▸ **Entries supplied**
━━━━━━━━━━━━━━━━
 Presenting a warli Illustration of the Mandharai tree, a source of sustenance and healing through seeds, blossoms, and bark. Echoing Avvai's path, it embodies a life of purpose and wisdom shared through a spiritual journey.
━━━━━━━━━━━━━━━━
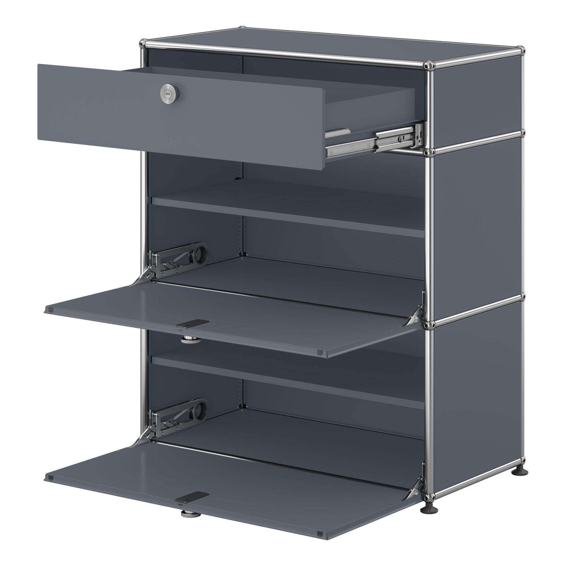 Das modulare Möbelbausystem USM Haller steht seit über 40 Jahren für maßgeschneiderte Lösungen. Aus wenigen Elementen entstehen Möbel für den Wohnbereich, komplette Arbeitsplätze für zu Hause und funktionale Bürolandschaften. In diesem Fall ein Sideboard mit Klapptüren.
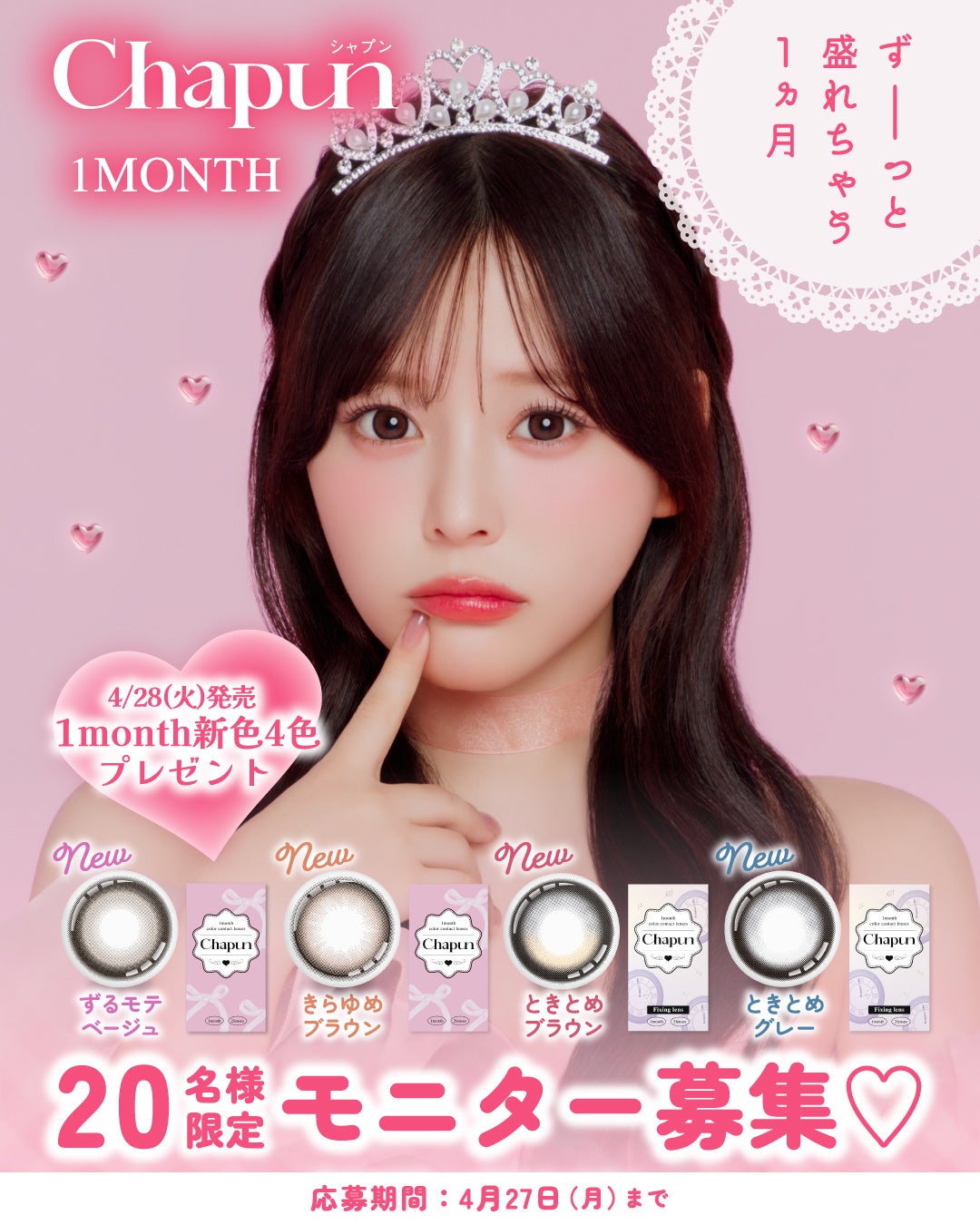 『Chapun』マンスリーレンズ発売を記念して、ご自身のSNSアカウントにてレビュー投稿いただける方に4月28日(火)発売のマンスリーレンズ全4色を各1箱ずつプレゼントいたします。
━━━━━━━━━━━━━━━━
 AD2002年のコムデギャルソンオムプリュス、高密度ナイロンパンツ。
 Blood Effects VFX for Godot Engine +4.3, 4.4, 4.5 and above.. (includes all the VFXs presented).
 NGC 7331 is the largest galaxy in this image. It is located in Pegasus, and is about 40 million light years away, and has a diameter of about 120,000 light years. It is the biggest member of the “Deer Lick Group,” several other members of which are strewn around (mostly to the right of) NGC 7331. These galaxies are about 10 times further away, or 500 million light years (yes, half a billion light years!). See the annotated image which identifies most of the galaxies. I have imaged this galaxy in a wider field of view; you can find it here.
━━━━━━━━━━━━━━━━
▸ **Task directions**
Your answer should be the exact lines above from the one with "Blood Effects VFX" through the one with "NGC 7331 is", both included, and nothing besides.

▸ **Result of this exercise**
 Blood Effects VFX for Godot Engine +4.3, 4.4, 4.5 and above.. (includes all the VFXs presented).
 NGC 7331 is the largest galaxy in this image. It is located in Pegasus, and is about 40 million light years away, and has a diameter of about 120,000 light years. It is the biggest member of the “Deer Lick Group,” several other members of which are strewn around (mostly to the right of) NGC 7331. These galaxies are about 10 times further away, or 500 million light years (yes, half a billion light years!). See the annotated image which identifies most of the galaxies. I have imaged this galaxy in a wider field of view; you can find it here.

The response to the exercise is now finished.